For all of the parents out there, imagine having to decide whether to split up your family to live in different shelters versus keeping the family together and living in your car.

During these tough economic times, these are the heartbreaking decisions that some families have to make every day. National attention was brought over the summer to the story of the Prince and Charlomane Leonard in Houston, TX, after their six children were taken away from their parents by Child Protective Services when their family was found living in a storage unit. The unit was 10,000 square feet and had beds, a microwave, refrigerator, air conditioning as well as fresh water brought in everyday by Mr. Leonard for bathing, cooking, and a compost toilet.

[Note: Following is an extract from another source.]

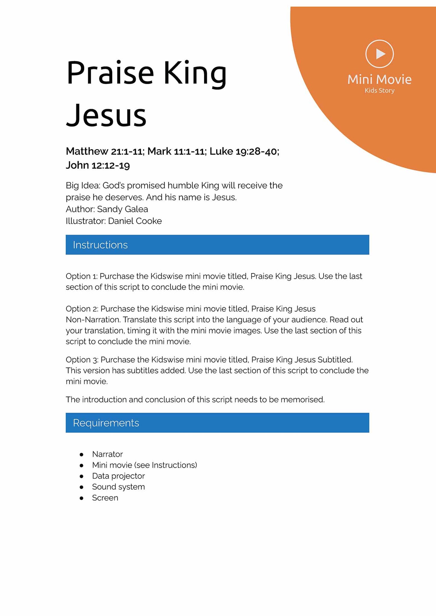 This mini movie is available in both a non-narrated version (enabling the story to be told in another language) and a subtitled version (for those who are hearing impaired). A script is included in each mini movie file.

Mrs. Leonard claimed her family had everything required under the Texas Family Code, even if they weren’t living in a traditional setting. Luckily, the story has a happy ending -the children have since been returned to their parents after activists helped them find a rental home.

Federal law defines child abuse and neglect as “any recent act or failure to act on the part of a parent or caretaker which results in death, serious physical or emotional harm, sexual abuse or exploitation; or an act or failure to act which presents an imminent risk of serious harm.” Most states recognize four forms of maltreatment, including both physical and emotional neglect. Physical neglect is often defined as failure to provide necessary food or shelter, or lack of appropriate supervision.

According to the U.S. Department of Health and Human Service’s latest National Incidence Study of Child Abuse and Neglect, from 2005 to 2006 children in households with low socioeconomic status experienced maltreatment 5 times the rate of other children, and were seven times as likely to be neglected. Rates of neglect for children with an unemployed parent were 2 to 3 times higher than children with employed parents.

Incidents of child abuse and neglect are not unique to low-income families. However, these families do have unique stressors, such as job loss, housing instability, and more limited access to goods and services. These stressors can hinder a parent’s ability to provide sufficient psychological as well as material support to their children.

Stories like the Leonard family are becoming all too common. As more families find themselves struggling- according to the latest Census data, more than 37% of families with children are living in poverty- state child welfare agencies are facing tough decisions about what conditions rise to the level of neglect. There is no easy answer to this. However, separating a family should be the last resort. Instead of trying to decide whether a family living in a storage unit or their car constitutes neglect, states need to focus on ensuring that when families hit tough times, there is a safety net in place to help them stay in their home and provide necessities for themselves and their children.

We need to help these struggling families by supporting programs that keep children and their families in their homes and out of poverty. As families continue to have to spend higher percentages of their income on rent, additional investments in affordable housing, including Section 8 vouchers and the National Housing Trust Fund, are needed and would provide options for families facing homelessness.

In addition to housing needs, recent changes to the primary cash assistance program for low-income families with children, Temporary Assistance for Needy Families (TANF), have proved worrisome for the families it is intended to support. Although TANF was recently extended for three months, the extension continued the flat rate of funding for the overall block grant, but did not continue funding for the Supplemental Grants or the Contingency fund. The Supplemental Grants assist 17 states with particularly high-need populations, and the grant funds were often for child welfare programs. Without these vital funding streams, states lack the money to maintain the same level of services for families — though the need for these services remains high. When Congress takes up a longer extension of the TANF program, or full reauthorization, they should restore these Supplemental Grants as well as the Contingency fund in order to help families and children in need.

Another important support for low-income families with children is the Earned Income Tax Credit (EITC), which — as the largest poverty reduction program in the U.S. — helped keep 3 million children out of poverty in 2010 by decreasing taxes on low-wage workers, thereby allowing families with a parent working for minimum wage to rise above the poverty line. Under ARRA, EITC expanded to include larger families. Congress must act, however, to make these improvements permanent before their expiration at the end of 2012.

Finally, the Child Abuse Prevention and Treatment Act (CAPTA) funds community-based child abuse prevention programs, which provide a range of services designed to strengthen families. Unfortunately, it continues to be underfunded and these community-based organizations often have to rely on charitable donations. CAPTA needs to be adequately funded in order to effectively protect vulnerable children by supporting parents experiencing job loss and financial stress.

These recommendations are for all families, so we can prevent others from ever having to face poverty and make the tough choices that the Leonard family had to make.